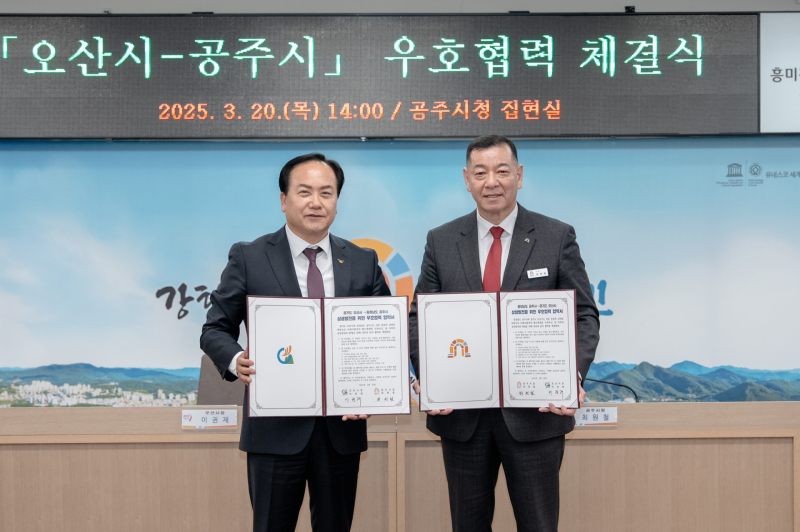 20일 시에 따르면, 공주시청 집현실에서 열린 협약식에는 이권재 오산시장, 최원철 공주시장을 비롯해 양 도시 관계자 및 민간단체 관계자 등 50여 명이 참석했습니다. 양 도시는 백제의 역사적 유산을 공유하는 공감대를 바탕으로 문화·관광·경제 등 다양한 분야에서 협력을 확대하기로 했습니다.
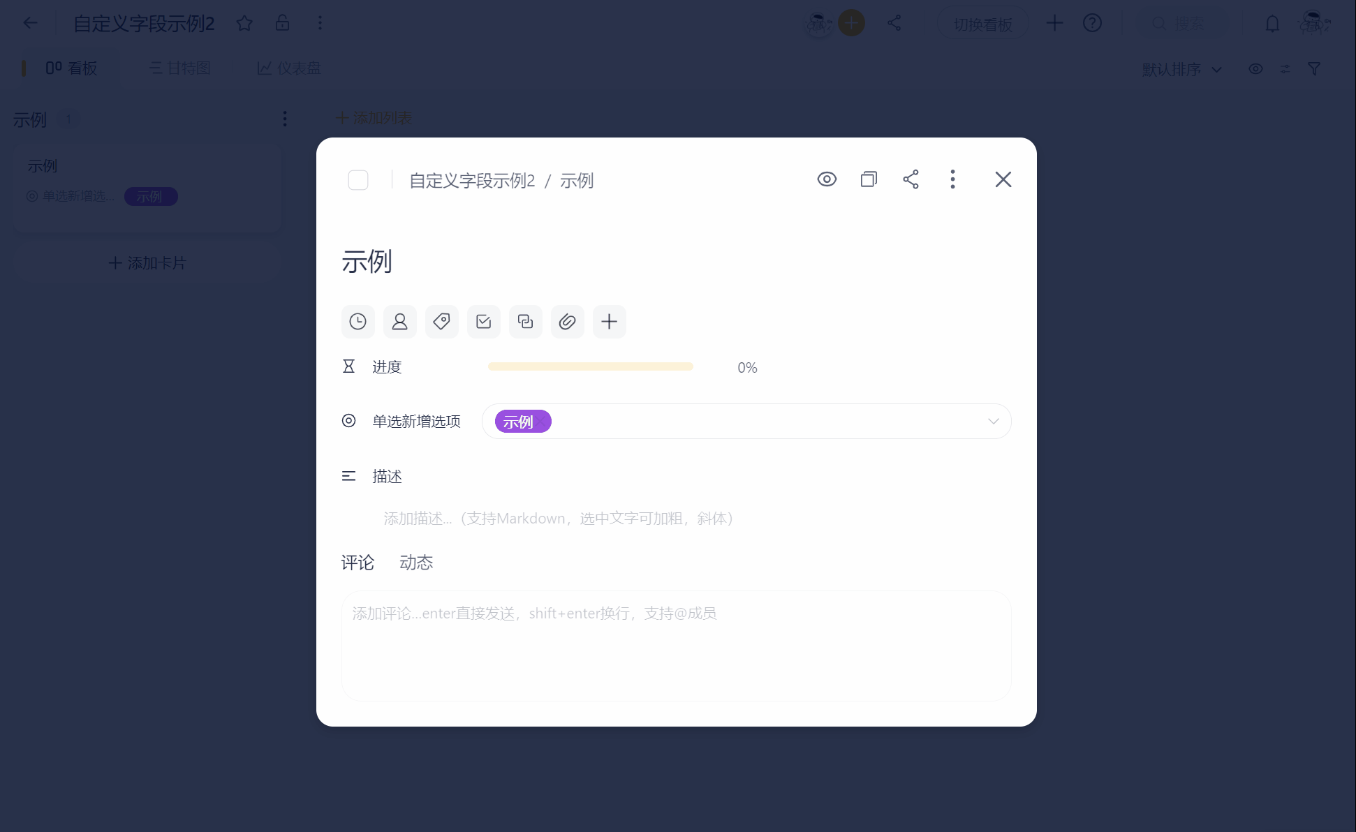 字段是卡片承载各种信息的载体(常见字段如:时间、成员、描述等)。而板栗看板新上线「自定义字段」功能,支持创建多种字段类型、对字段进行自由命名、以及自由配置卡片封面上显示哪些字段。详情:[「自定义字段」:打造标准化任务模板,提升信息传递效率]
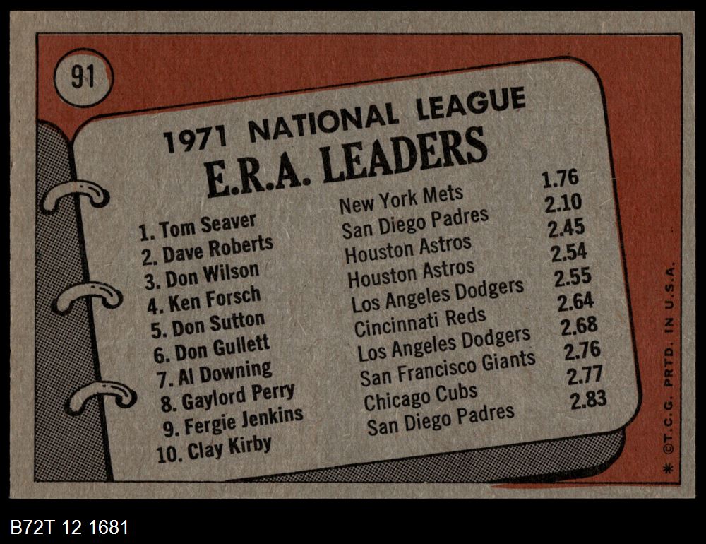 | 1972 Topps #91 - Tom Seaver / Dave Roberts / Don Wilson NL ERA Leaders | 8 - NM/MT | Front | Back |
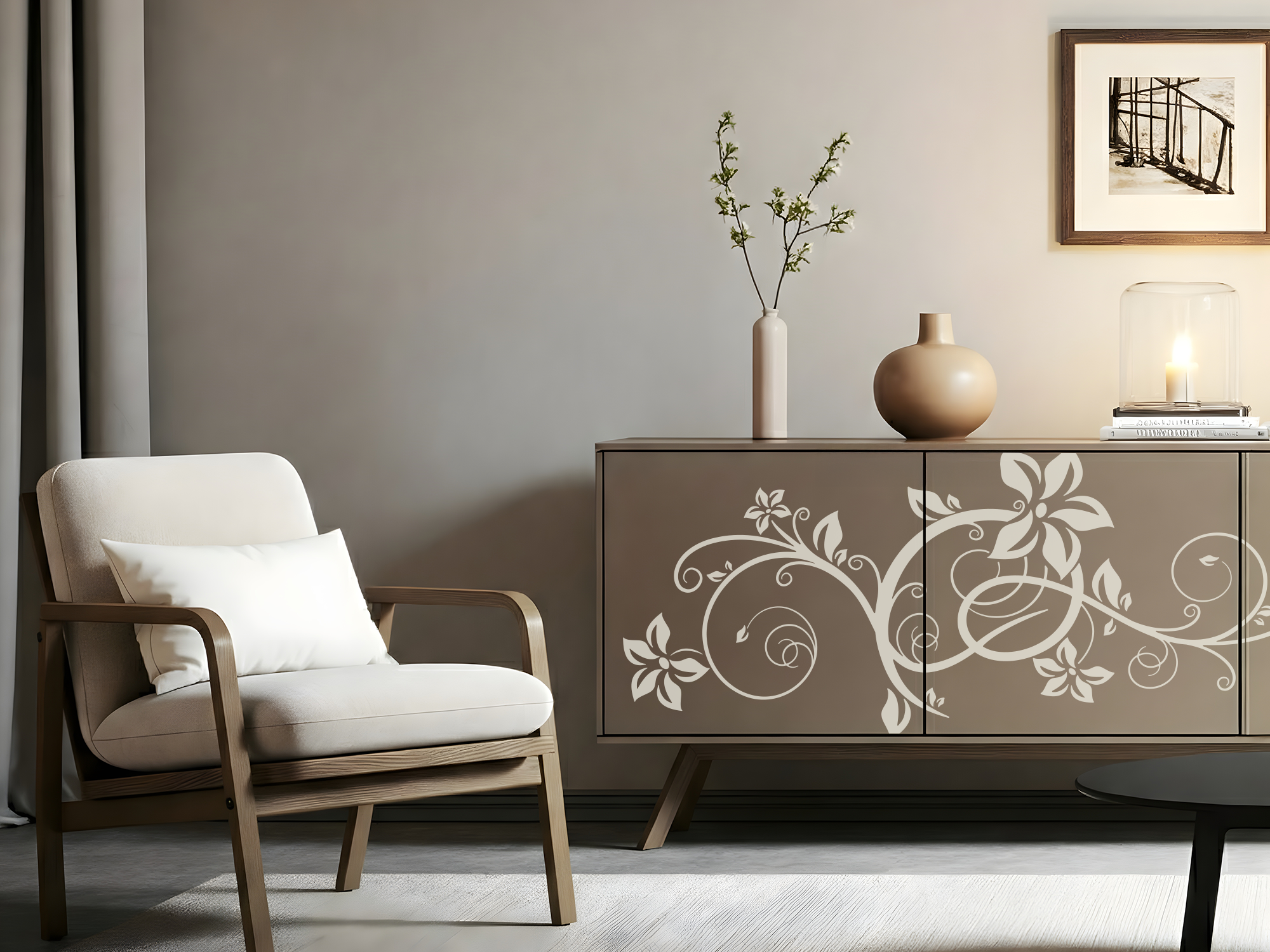 Sie wünschen sich eine Veränderung in Ihren eigenen vier Wänden? Sie suchen nach einer Möglichkeit, das Wohnzimmer, Bad oder die Küche ohne großen Aufwand neu gestalten zu können? Dieser Aufkleber für den Schrank kann ein effektives Mittel sein, um eine kreative Idee im Nu wahr werden zu lassen. Montieren Sie die seidenmatte, selbstklebende Folie mit Ornament für den Schrank auf Möbelflächen aus Kunststoff, Holz oder Glas und erfreuen Sie sich am frischen Erscheinungsbild Ihrer Möbel. Heben Sie durch solch eines Möbeltattoos Schränke oder Kommoden hervor, die im Raumkonzept unterzugehen drohen. Verschönern Sie ältere Möbel, an denen Sie sich längt sattgesehen haben. Mit diesem Möbelaufkleber ist alles möglich.

**PROBLEM DETAILS:** The copy must match every line of the data exactly and contain no pictures.

**WORKED SOLUTION:**
 20일 시에 따르면, 공주시청 집현실에서 열린 협약식에는 이권재 오산시장, 최원철 공주시장을 비롯해 양 도시 관계자 및 민간단체 관계자 등 50여 명이 참석했습니다. 양 도시는 백제의 역사적 유산을 공유하는 공감대를 바탕으로 문화·관광·경제 등 다양한 분야에서 협력을 확대하기로 했습니다.
 字段是卡片承载各种信息的载体(常见字段如:时间、成员、描述等)。而板栗看板新上线「自定义字段」功能,支持创建多种字段类型、对字段进行自由命名、以及自由配置卡片封面上显示哪些字段。详情:[「自定义字段」:打造标准化任务模板,提升信息传递效率]
 | 1972 Topps #91 - Tom Seaver / Dave Roberts / Don Wilson NL ERA Leaders | 8 - NM/MT | Front | Back |
 Sie wünschen sich eine Veränderung in Ihren eigenen vier Wänden? Sie suchen nach einer Möglichkeit, das Wohnzimmer, Bad oder die Küche ohne großen Aufwand neu gestalten zu können? Dieser Aufkleber für den Schrank kann ein effektives Mittel sein, um eine kreative Idee im Nu wahr werden zu lassen. Montieren Sie die seidenmatte, selbstklebende Folie mit Ornament für den Schrank auf Möbelflächen aus Kunststoff, Holz oder Glas und erfreuen Sie sich am frischen Erscheinungsbild Ihrer Möbel. Heben Sie durch solch eines Möbeltattoos Schränke oder Kommoden hervor, die im Raumkonzept unterzugehen drohen. Verschönern Sie ältere Möbel, an denen Sie sich längt sattgesehen haben. Mit diesem Möbelaufkleber ist alles möglich.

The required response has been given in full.